To do
Each line from the one containing "Pebalap MotoGP dari" to the end of the material below is to be restated exactly, with pictures skipped.

Given information
========

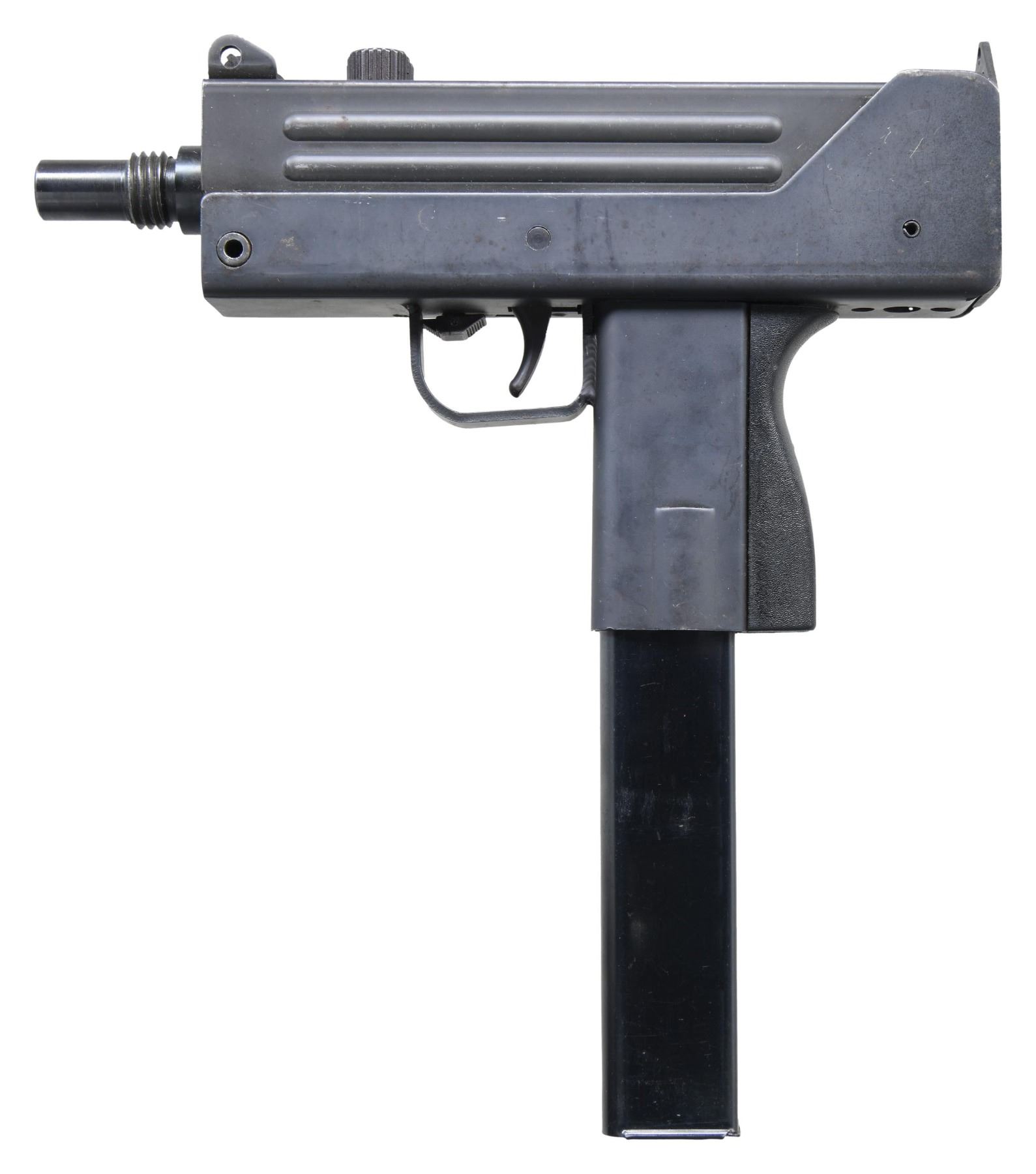 Cal. 45 ACP. S# SAP453099. Bbl. 5.75". The RPB industries M10, often referred to as the Mac 10, was originally offered in semi auto as an open bolt system just like its predecessor the M10 SMG. The BATF determined that the open bolt semi autos met the criteria of a machine gun under the "readily convertible" clause & banned future manufacture, Grand-Fathering those that were assembled on or before June 21, 1982 under ATF ruling 82-8. Like everything else, the Federal Government tells citizens they can not have, interest in the early originals immediately skyrocketed & they have been considered highly prized collectibles for over 40 years now. Barrel threaded w/ traditional threads. Factory protected post front & fixed rear peep sights. Rotating cocking knob locks the action closed as an additional safety. Primary safety located front right side of trigger. Matte black finish on all exposed metal surfaces. MAGS: 1 steel 30 rd. CONDITION: Exterior finish thinning, as common w/ these pistols, having seen some range use over the last 4 decades. Some thinning in areas of mechanical intervention & high spots. Scattered patina visible under close inspection. Bright bore w/ strong rifling. Fire control mechanism appears to function correctly when cycled by hand. PROVENANCE: Lifelong Collection of Terrance McCarty. (24-276/JZ). MODERN. $500-900.
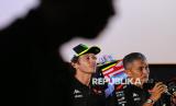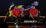 Pebalap MotoGP dari tim Pertamina Enduro VR46 Racing Team Franco Morbidelli (kiri) dan Fabio Di Giannantonio (kanan) saat acara Launching Special Livery Pertamina Enduro VR46 Racing Team for Indonesia di Senayan Park, Jakarta, Selasa (30/9/2025). PT Pertamina Lubricants yang merupakan sponsor utama tim Pertamina Enduro VR46 Racing Team meluncurkan livery khusus bernuansa Indonesia untuk MotoGP Mandalika. Motor Fabio Di Giannantonio dan Franco Morbidelli yang digunakan dalam sesi balap MotoGP Mandalika bakal menggunakan livery dengan warna merah putih khas bendera Indonesia serta sentuhan batik di livery motor Ducati VR46 Racing Team. (FOTO : Republika/Thoudy Badai)
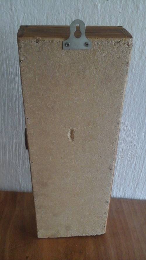 ON THE BACK IS A HOOK TO HANG IT TO THE WALL.

========

Exercise output
 Pebalap MotoGP dari tim Pertamina Enduro VR46 Racing Team Franco Morbidelli (kiri) dan Fabio Di Giannantonio (kanan) saat acara Launching Special Livery Pertamina Enduro VR46 Racing Team for Indonesia di Senayan Park, Jakarta, Selasa (30/9/2025). PT Pertamina Lubricants yang merupakan sponsor utama tim Pertamina Enduro VR46 Racing Team meluncurkan livery khusus bernuansa Indonesia untuk MotoGP Mandalika. Motor Fabio Di Giannantonio dan Franco Morbidelli yang digunakan dalam sesi balap MotoGP Mandalika bakal menggunakan livery dengan warna merah putih khas bendera Indonesia serta sentuhan batik di livery motor Ducati VR46 Racing Team. (FOTO : Republika/Thoudy Badai)
 ON THE BACK IS A HOOK TO HANG IT TO THE WALL.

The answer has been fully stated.